Unorthodox carbon and aluminium frame makes for outstanding stability.

BikeRadar score4.5/5

The heady days of the Saeco team's supremacy in the sprint may be over for Cannondale - certainly since Mario Cipollini bowed out - but the company is still very much at the cutting edge of bike technology. With benchmark setters like the R900 and the sublimely smooth Six-13 Team - used by the up-and-coming Barloworld squad - innovation and success is still a massive priority for the Cannondale crew.

Not content with resting on their laurels, the people from Pennsylvania are competing head-on with the best team issue bikes available, through the creation of a new frame, with a strong emphasis on the stiff and responsive end of the ride spectrum - the SystemSix.

So, just how does it stack up against stiff competition at the high end, and can Cannondale's hunger for innovation set it apart from the crowd as it did for the Six- 13 Team bike? Read on to find out.

Frame

The SystemSix has been created using the unorthodox method of co-moulding an aluminium back end that resembles the CAAD 8, to that of a moulded carbon front triangle.

Looking like a set from the Roswell Project, Cannondale have a huge walk-in refrigerator at their factory for storing the raw aircraft-grade pre-preg carbon. This is then formed into tubes, through which the ends are folded back to become one with the massively oversized head tube. Before curing in the mould, the carbon ends are placed inside the welded aluminium rear triangle. Inflatable bladders then ensure that the carbon squeezes into windows that are cut into the sides of the tubing, thus locking the carbon tube to the aluminium tube just in front of the seat tube and bottom bracket.

The frame is constructed in its entirety at their Bedford, Pennsylvania factory, and Cannondale's industrial designer, Torgny Fjeldskaar, says that weight considerations were secondary to getting a satisfactory balance of stiffness and shock dissipation. Saying this, at 1,112g they don't appear to have sacrificed low weight in their quest, with few high-end frames being much lighter.

The key to the frame's inherent stiffness lies in its hugely oversized tubing, with its one-inch lower bearing race, and a steerer that tapers down to one and one-eighth inch at the top. A sleeve is used to pack out the difference between the upper head-tube and the bearing, and it was necessary to create a massively oversized stem to properly integrate the look.

The frame eschews the trend for compacts, with a barely noticeable 2cm sloping top tube (3cm on sizes 54cm and less), and the geometry in terms of numbers is pretty much what we have come to expect, with no unpleasant surprises across the range of eight sizes.

Ride

Straight out of the crate, the new Cannondale has an overriding sense of lateral stiffness that initially fools the rider into thinking the ride is harsh. But hit a patch of poorly surfaced road and that thought is immediately banished, with the frame dissipating shocks very effectively before they get through to your contact points.

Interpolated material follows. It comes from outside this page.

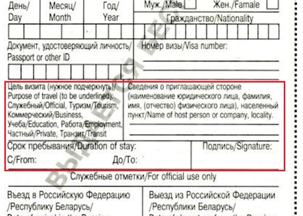 Справка! Заполнение определенных строк осуществляют пограничники. Дата приезда в РФ в карточке указывается посредством печати, также, как и дата выезда из России.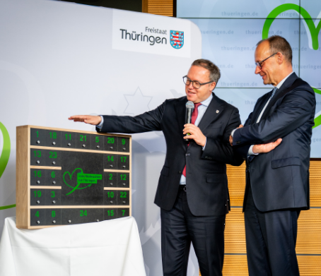 Zum Abschluss seines Antrittsbesuchs erhielt Bundeskanzler Friedrich Merz noch ein ganz besonderes Geschenk aus dem Grünen Herzen Deutschlands: Ministerpräsident Mario Voigt überreichte einen Adventskalender – gefertigt aus Thüringer Eiche von einem Thüringer Handwerksbetrieb.

The exceptional torsional stiffness when climbing, and the speed with which the bike swallows up gradients in a gear higher than most of our testers felt they would normally use, will be hugely beneficial in a race situation. The ride even went a fair way to reconciling Cannondale's claim that the SystemSix is 44% stiffer in torsion and 45% stiffer in the bottom bracket area than their Six-13 (and indeed most of the bikes that we have tested in the past two years - with the exception of the Storck CD1.0).

Just to show that outright stiffness isn't everything, though, one of the testers said that he was on the brakes earlier than normal on the approach to a slow corner, as the directness of the steering can unnerve a cautious descender.

This trait is typical of high-end 'team issue' carbon frames and in this respect it can be compared more closely to its rivals than any of Cannondale's previous models. The Six-13 Team's steering has a tendency to feel remote at times, but the new SystemSix is more direct when feeding in the brakes hard into a slow corner and is simply the most stable race bike we've ever encountered on descents at speeds over 70kph.

Equipment

If you fancy getting your hands on the SystemSix, there are three price options. First up is the Campagnolo Record Superlight tested here, which is a cool £6K. This includes Fulcrum Racing light carbon wheels. The Dura-Ace costs £4,149 and includes Mavic Ksyrium ES wheels. And at £2,649, the Ultegra-equipped bike represents the best value, with a Cannondale Si carbon crankset and Mavic Ksyrium Elite wheels.

The finishing kit on all three versions is as good as it gets, with USE Alien Cyclops carbon seatpost, the much-loved Fizik Arione carbon-railed saddle, Reynolds carbon oversized handlebars and matching carbon stem. The stem is specially oversized to match the chunky frame tubing dimensions, and a choice of five sizes is available, from 80-120mm. There are no triple-chainset options on this bike but a compact chainset with 34/50 tooth chainrings is optional for no extra cost on Dura-Ace and Ultegra models. Note that the Barloworld version to be released in September will get power measuring SRM data-logging kit.

Wheels

Now to that all-important question of wheels. The Fulcrum carbon wheels are very similar to the Campagnolo Hyperon Ultras, and use angular contact bearings that, in our experience, promise a longer life than is typical of a cartridge bearing.

The stainless steel spokes are crossed on the drive side, with the remainder built to the radial pattern. To improve strength - by equalising the differences between left and right-hand spokes - the rear carbon clincher rim has spoke holes that are biased to one side. This virtually eliminates chain rub on steep gradients and only occasionally requires trueing up.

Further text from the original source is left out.